▶ [DATASET ENTRIES]

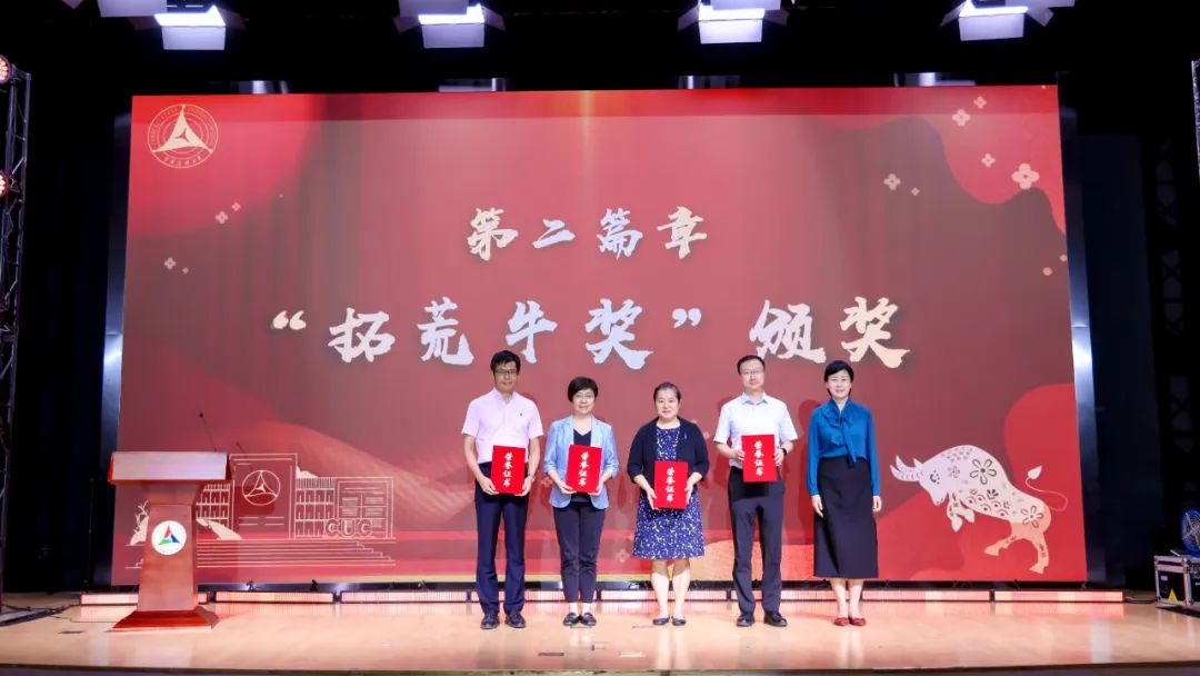 党委常委、统战部部长张绍华,校务委员会副主任张鸿声、李增瑞,科学研究处处长周建新,人事处处长曹坤分别为“拓荒牛奖”科学研究类、改革创新与攻坚类、人才引育类获奖团队和个人代表颁奖。
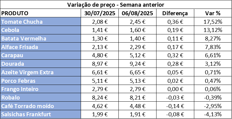 Os produtos com maior variação de preços face à semana anterior, ao último mês e aos últimos três anos, são:
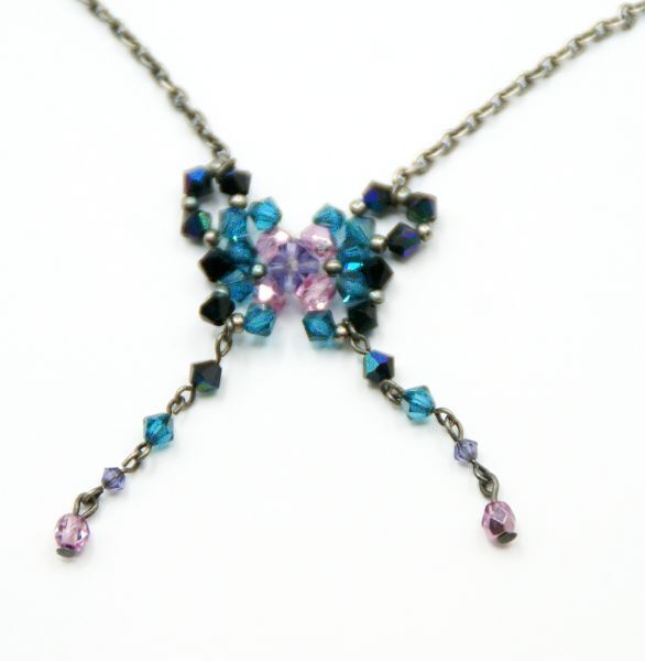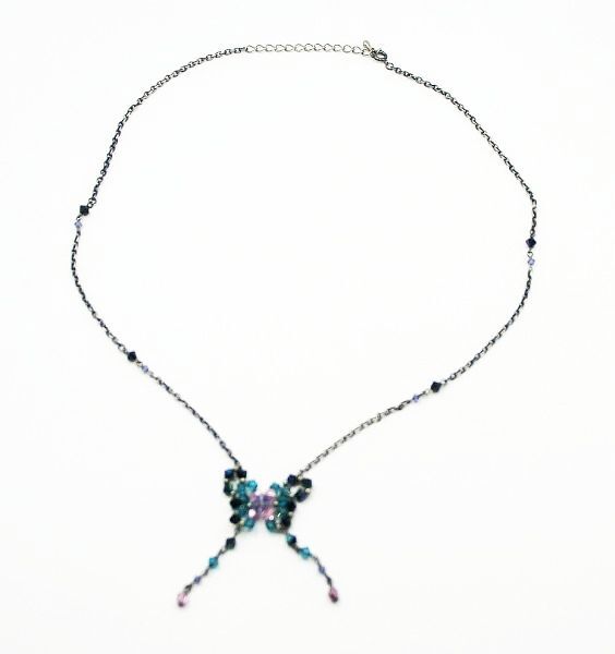 【アクセサリー】 Nec014 ネックレス ペンダントトップ 蝶々 カラーストーン 半折り全長290㎜/中古
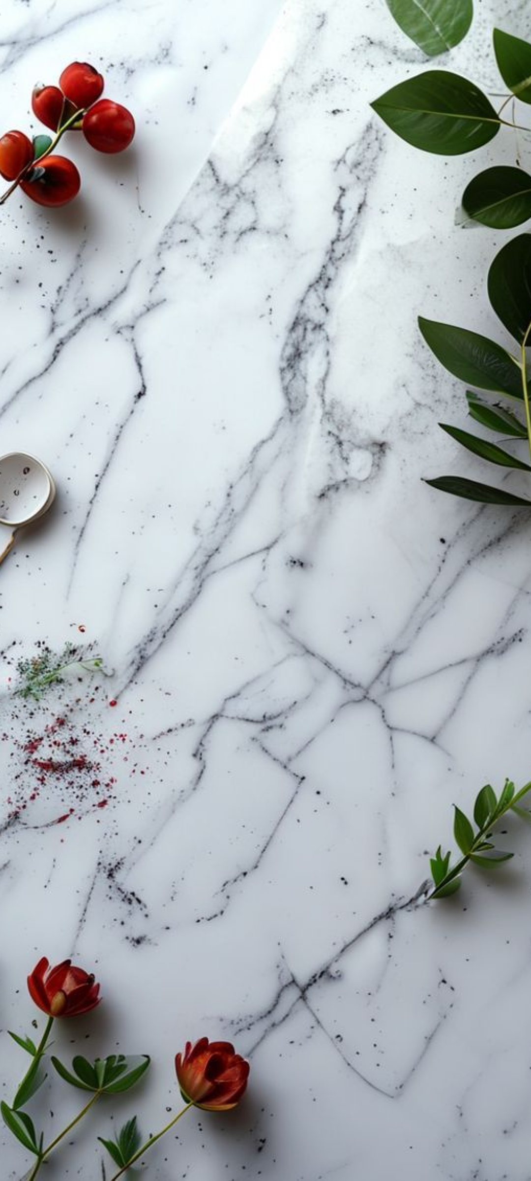 Film Camera On Marble Flatlay Photorealistic Wallpaper
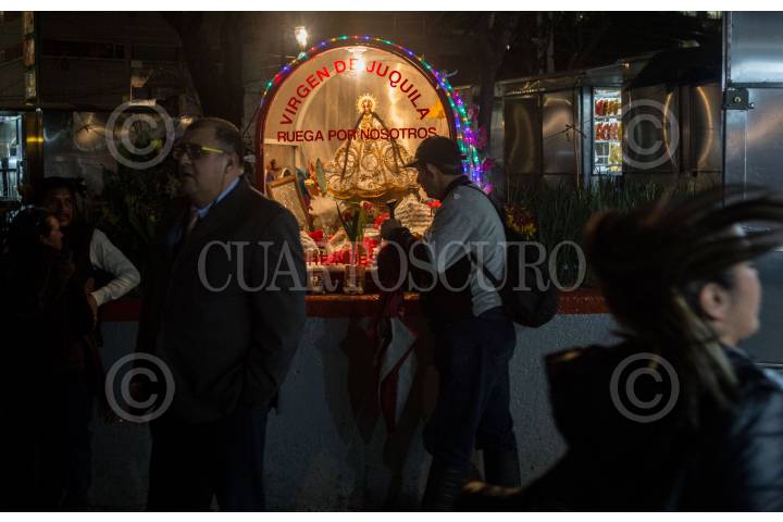 CIUDAD DE MÉXICO, 11FEBRERO2018.- Transeúntes pasan frente a la "Virgen de Juquila" a las afueras de la estación del metro Barranca del Muerto. FOTO: TERCERO DÍAZ / CUARTOSCURO.COM
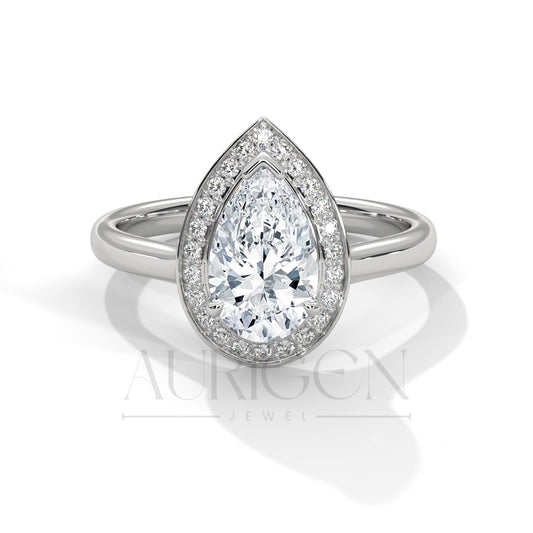Pear Shaped Diamond Halo Engagement Ring in 14K Solid Gold
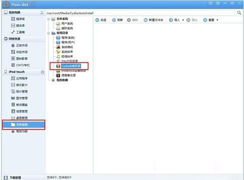 2.然後連接上需要安裝下插件的設備,依次選擇"文件系統"——"Cydia安裝目錄"。
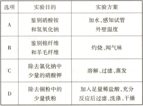 10.C [解析]A.加水,感知试管外壁温度,溶于水温度降低的是硝酸铵固体,溶于水温度升高的是氢氧化钠固体,可以鉴别,故选项实验方案正确;B.灼烧、闻气味,产生烧焦羽毛的气味的是羊毛纤维,产生烧纸气味的是棉纤维,可以鉴别,故选项实验方案正确;C.氯化钠和硝酸钾都易溶于水,除去氯化钠中混有少量的硝酸钾,不能采用溶解、过滤、蒸发的方法,故选项实验方案错误;D.加入足量稀盐酸,铁粉能与足量稀盐酸反应生成氯化亚铁溶液和氢气,铜粉不能与稀盐酸反应,充分反应后过滤、洗涤、干燥,能除去杂质且没有引入新的杂质,符合除杂原则,故选项实验方案正确。故选C。
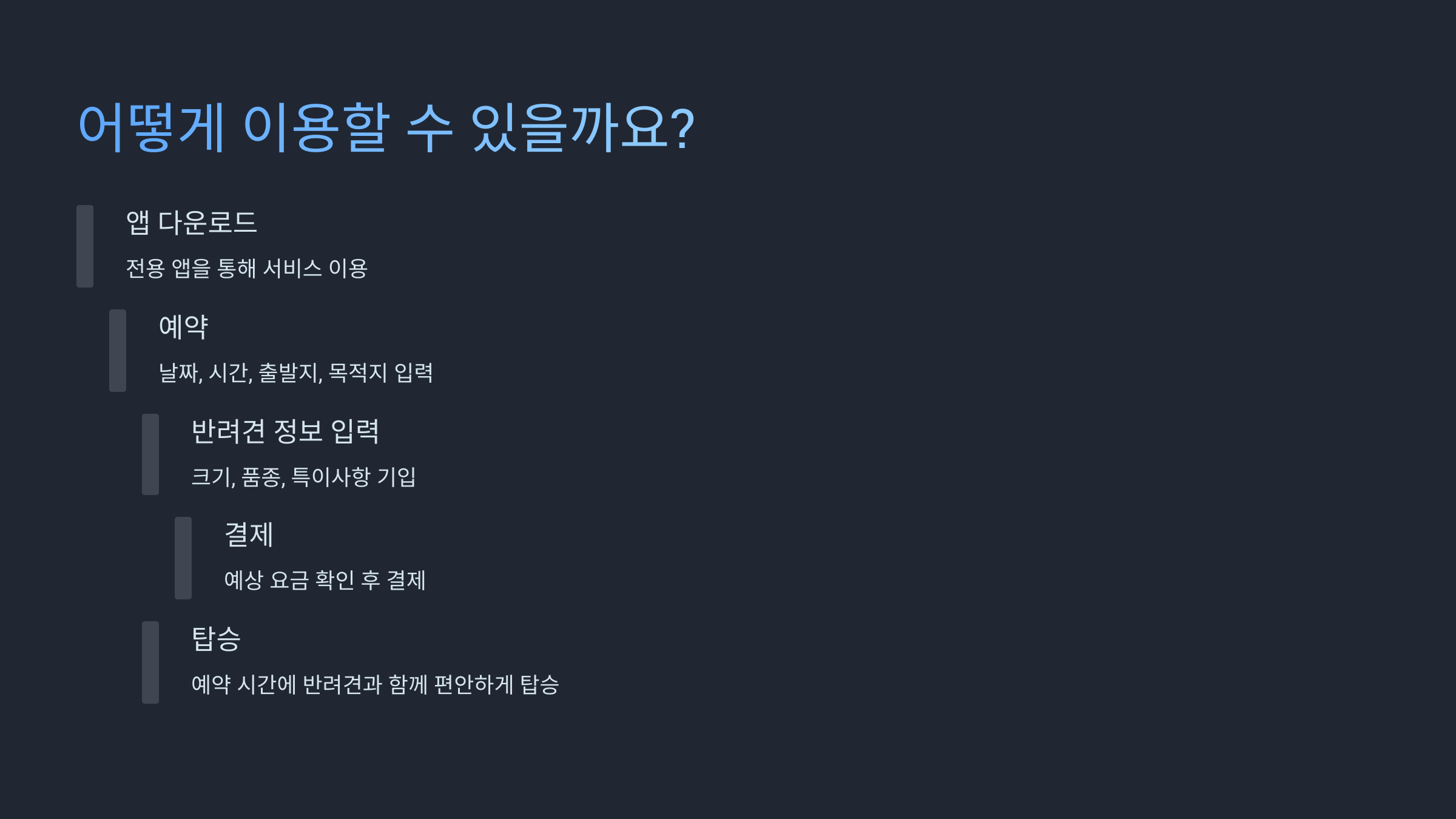 - 탑승: 예약한 시간에 반려견과 함께 편안하게 탑승하세요!
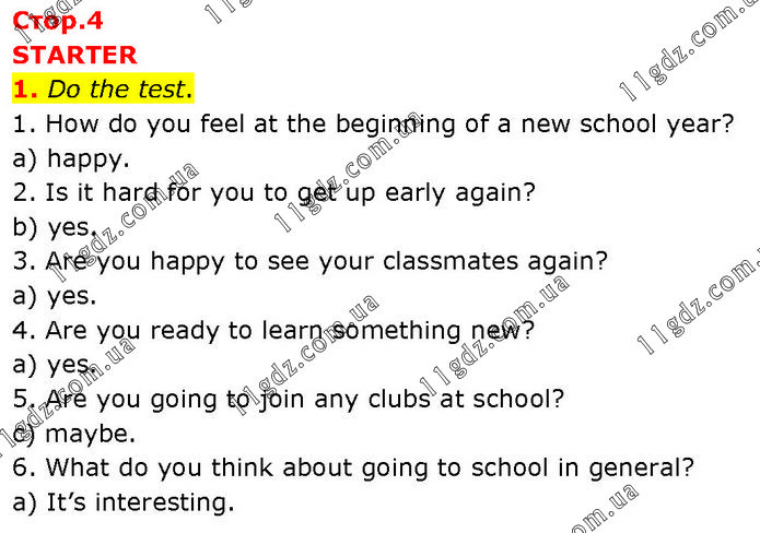 STARTER 1. Do the test. 1. How do you feel at the beginning of a new school year? a) happy. 2. Is it hard for you to get up early again? b) yes. 3. Are you happy to see your classmates again? a) yes. 4. Are you ready to learn something new? a) yes. 5. Are you going to join any clubs at school? c) maybe. 6. What do you think about going to school in general? a) It’s interesting.
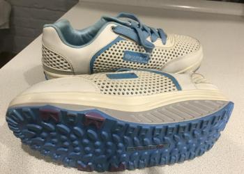 Кроссовки новые, белые с голубыми вставками из натуральной кожи.
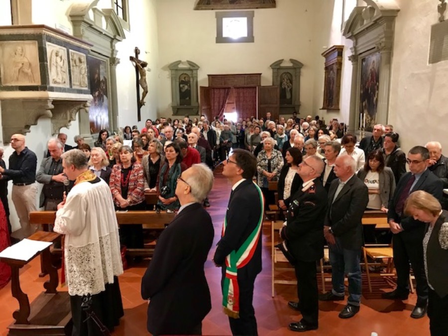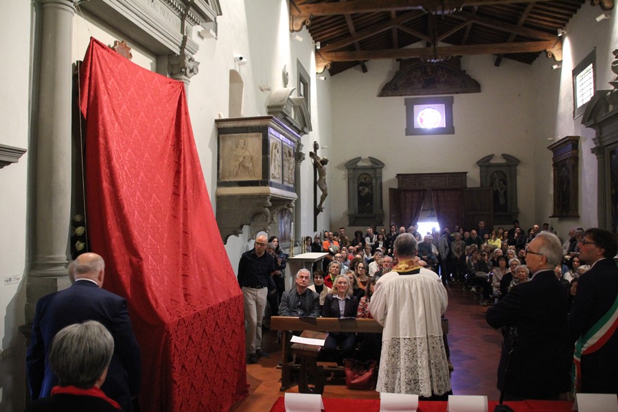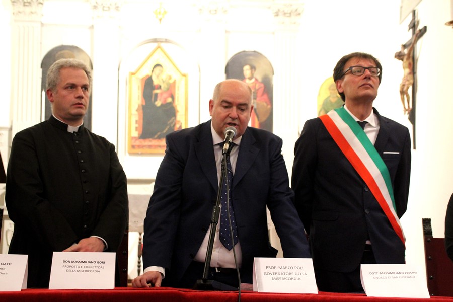 A distanza di otto anni, sabato 25 maggio, in una chiesa affollata, il Governatore dell’Arciconfraternita della Misericordia di San Casciano, Marco Poli, il custode Paolo Bacci e un Fratello, hanno lentamente abbassato il drappo che copriva l’altare dove ha trovato la nuova sistemazione la Croce.
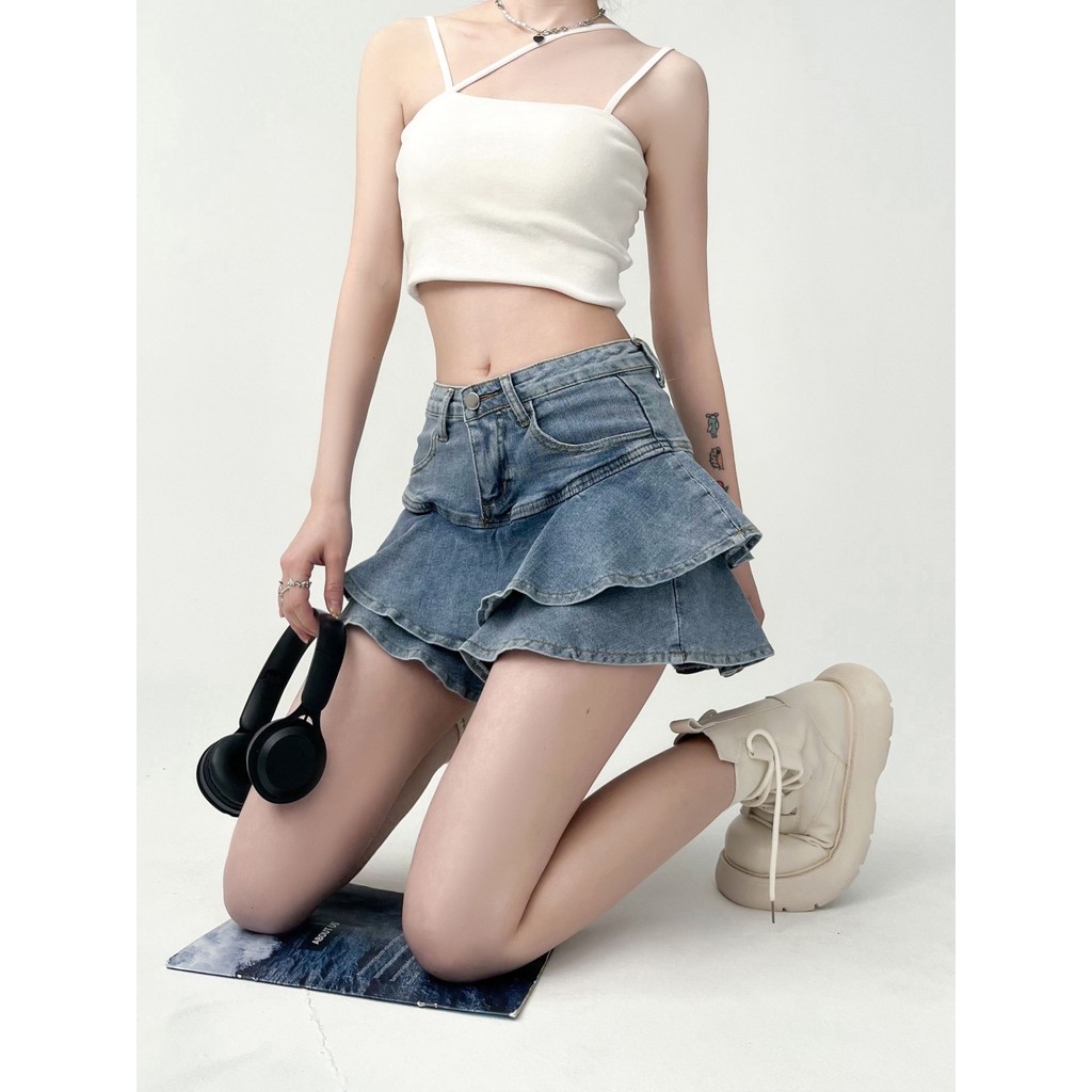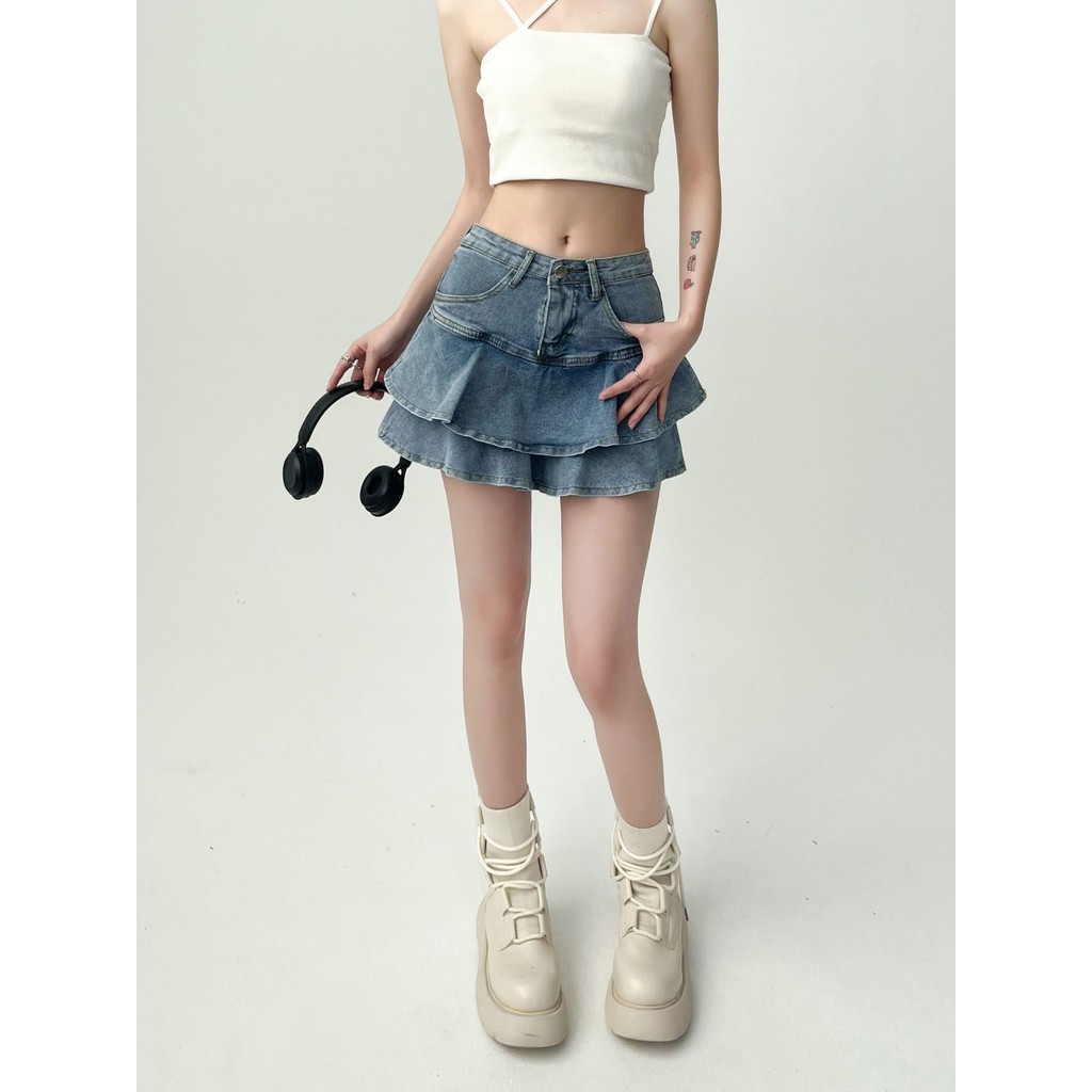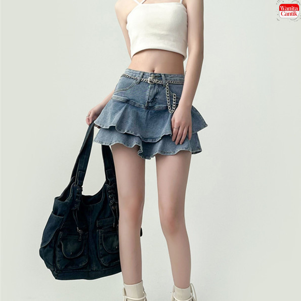 Rok Jeans Pendek Wanita High Waist Korean Style A-Line Seksi Rok Duyung Rok Bertingkat Denim Terbaru

▶ [WHAT TO DO]
Write out the whole listing verbatim, images excluded.

▶ [TASK SOLUTION]
 党委常委、统战部部长张绍华,校务委员会副主任张鸿声、李增瑞,科学研究处处长周建新,人事处处长曹坤分别为“拓荒牛奖”科学研究类、改革创新与攻坚类、人才引育类获奖团队和个人代表颁奖。
 Os produtos com maior variação de preços face à semana anterior, ao último mês e aos últimos três anos, são:
 【アクセサリー】 Nec014 ネックレス ペンダントトップ 蝶々 カラーストーン 半折り全長290㎜/中古
 Film Camera On Marble Flatlay Photorealistic Wallpaper
 CIUDAD DE MÉXICO, 11FEBRERO2018.- Transeúntes pasan frente a la "Virgen de Juquila" a las afueras de la estación del metro Barranca del Muerto. FOTO: TERCERO DÍAZ / CUARTOSCURO.COM
Pear Shaped Diamond Halo Engagement Ring in 14K Solid Gold
 2.然後連接上需要安裝下插件的設備,依次選擇"文件系統"——"Cydia安裝目錄"。
 10.C [解析]A.加水,感知试管外壁温度,溶于水温度降低的是硝酸铵固体,溶于水温度升高的是氢氧化钠固体,可以鉴别,故选项实验方案正确;B.灼烧、闻气味,产生烧焦羽毛的气味的是羊毛纤维,产生烧纸气味的是棉纤维,可以鉴别,故选项实验方案正确;C.氯化钠和硝酸钾都易溶于水,除去氯化钠中混有少量的硝酸钾,不能采用溶解、过滤、蒸发的方法,故选项实验方案错误;D.加入足量稀盐酸,铁粉能与足量稀盐酸反应生成氯化亚铁溶液和氢气,铜粉不能与稀盐酸反应,充分反应后过滤、洗涤、干燥,能除去杂质且没有引入新的杂质,符合除杂原则,故选项实验方案正确。故选C。
 - 탑승: 예약한 시간에 반려견과 함께 편안하게 탑승하세요!
 STARTER 1. Do the test. 1. How do you feel at the beginning of a new school year? a) happy. 2. Is it hard for you to get up early again? b) yes. 3. Are you happy to see your classmates again? a) yes. 4. Are you ready to learn something new? a) yes. 5. Are you going to join any clubs at school? c) maybe. 6. What do you think about going to school in general? a) It’s interesting.
 Кроссовки новые, белые с голубыми вставками из натуральной кожи.
 A distanza di otto anni, sabato 25 maggio, in una chiesa affollata, il Governatore dell’Arciconfraternita della Misericordia di San Casciano, Marco Poli, il custode Paolo Bacci e un Fratello, hanno lentamente abbassato il drappo che copriva l’altare dove ha trovato la nuova sistemazione la Croce.
 Rok Jeans Pendek Wanita High Waist Korean Style A-Line Seksi Rok Duyung Rok Bertingkat Denim Terbaru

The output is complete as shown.